We are relying on immigration consultants, individuals to self-police – to restrict themselves – when it’s in their financial, pecuniary interests to take on work, even work they are not competent to do. They have paid thousands for their education, the skills exam, registration, insurance, and more. They want a return on that investment.
My recommendation is to split the baby. In the UK, the legal profession is split between solicitors and barristers. Solicitors do transactional type of legal work. This is probably what 320 hours of an online course will allow – for a consultant to provide advice on and assist in completing immigration applications.

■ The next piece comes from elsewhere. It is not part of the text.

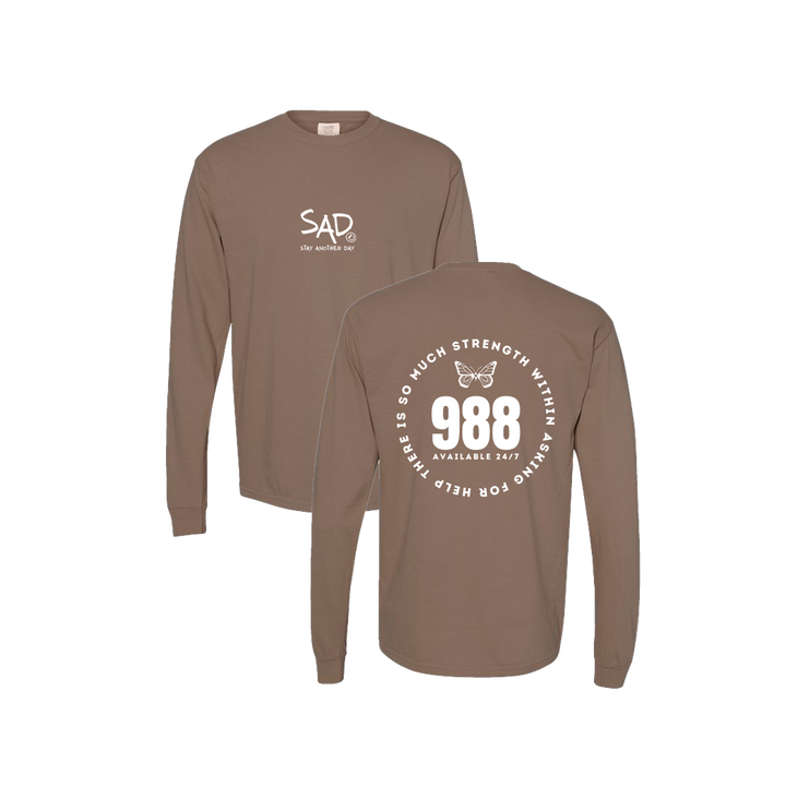There is So Much Strength Within Asking for Help - 988 - Butterfly - Brown T-shirt screen printed design. This super comfortable Long Sleeve Tee features the small SAD logo on the front with the Stay Another Day text below, as well as the large 988 design print on the back.

Barristers represent clients as an advocate before a court or tribunal – this requires training in evidence, ethics, court practice and procedure, legal research. There is no way that 320 hours, a few exams, and maybe a mock interview module will allow a consultant to practice competently before the IRB.
There should be a different process to license certain immigration practitioners or advocates to appear before the IRB – these individuals should either possess direct, prior substantial experience or...prospective immigration advocates should be required to complete substantial legal courses and undergo articles or train under the supervision of a lawyer or a consultant that has the requisite experience.
Frankly I think regulation has failed because the ICCRC sets up consultants to fail. They are knowingly, or ignorantly, take your pick – arming their members with a knife and allowing them to go into a gun fight. Ultimately, it is the refugee claimant, the spouse separated from her partner for years, the PR facing removal and loss of status from a country that he has called home for decades, that will pay the price.
Thank you for your time and I look forward to answering any questions this committee may have.